Picky eating, nail-biting, and hair-pulling become habitual if kids don’t have strategies to overcome these negative behaviors. Learn ways to help your child break bad habits and adopt good ones.

Identify Triggers
Before starting a conversation with your child about their behavior, note when it happens. Does your child start biting their nails, picking their nose, or tugging at their hair in reaction to some events and not others? Are there certain words that set them off? If you can identify what triggers your child’s bad habit, you have an opening to talk about what’s bothering them and how you can help them feel better.
Ignore It
Kids are skillful at getting their parents’ attention. It’s a basic survival skill for infants, but school-age children may deliberately try bad behavior to get a reaction out of parents or because they need some parental comfort.

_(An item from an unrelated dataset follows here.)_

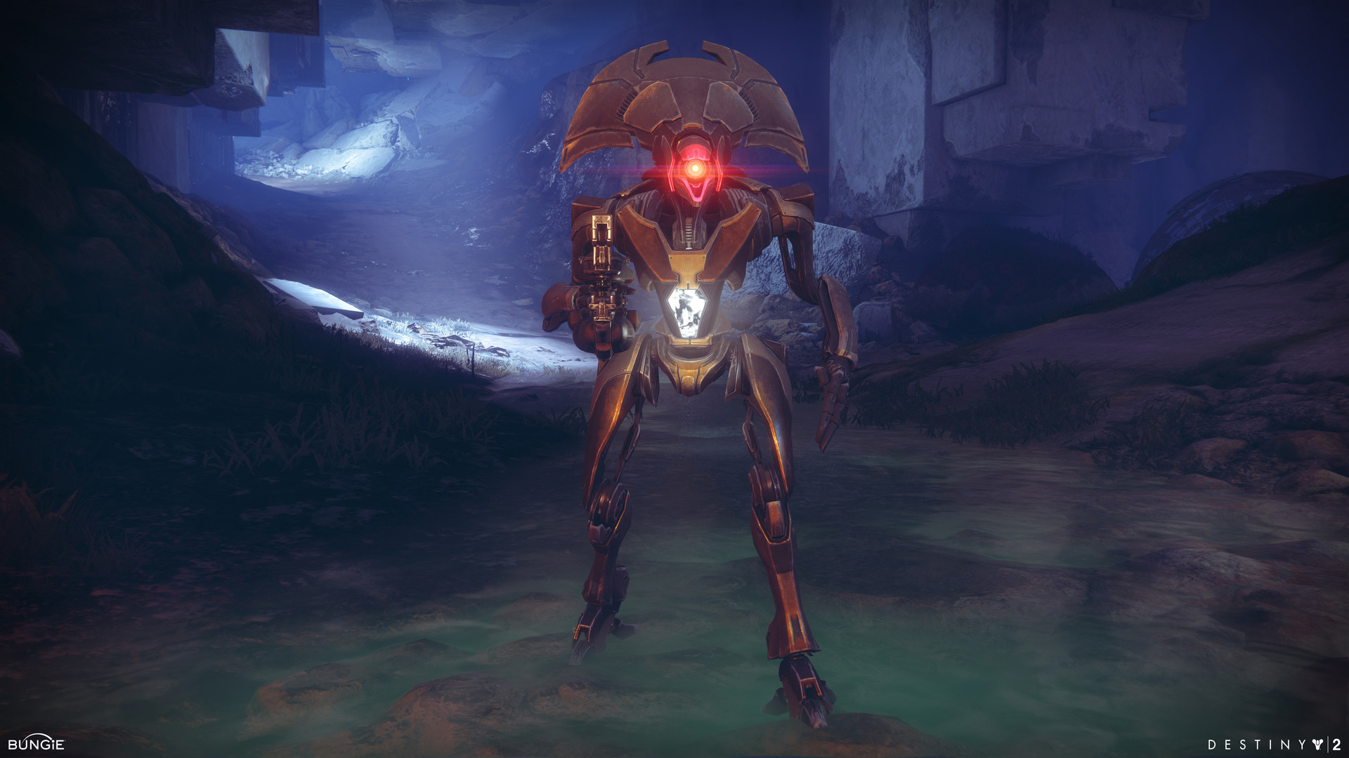This image is a screenshot of a character or AI unit from the Destiny series of first-person shooter video games developed by Bungie Studios and published by Bungie or Activision. It falls under the screenshot category for a copyrighted computer game or video game, and the copyright for it is most likely held by the company that developed the game. It is believed that the use of a limited number of web-resolution screenshots:

Starting school, the birth of a sibling or the loss of a grandparent is stressful, scary, and upsetting for kids who may not be able to process what’s going on without parental help.
In the absence of a stressful event, a child’s bad habit may simply be an attempt to alleviate boredom or to see how a parent will react. Ignoring a bad habit might not make it go away, but it does reduce the motivation to use a bad habit as an attention-getting tactic.
Provide a Substitute
Giving a child something more interesting to do than engaging in their bad habit can help them learn to substitute something positive. Physical activity or quality time reading can help break a bad habit and encourage a child to adopt a good one instead.
Share your favorite books from childhood with your child, read together, or allow your child to select library books on their own. The big-kid feeling of making their own decision can help a child break a bad habit because they become more interested in a better one.
Use Praise and Avoid Criticism
Correcting your child’s bad habit can induce more anxiety, not less. Try praising your child for excelling at other activities, or when you know they’re tempted but refrain from indulging their negative habit. Be consistent in offering small rewards, like stickers, to acknowledge good behavior.
If your child’s habit becomes severe enough to endanger their health, consult your pediatrician. Inveterate nose-pickers can suffer nosebleeds, nail-biters can get infections, and thumb-suckers can induce dental deformation. Breaking a child’s bad habit by encouraging them to adopt a better one will help your child maintain better health. It can also ease teasing at school, resulting in better relationships with peers.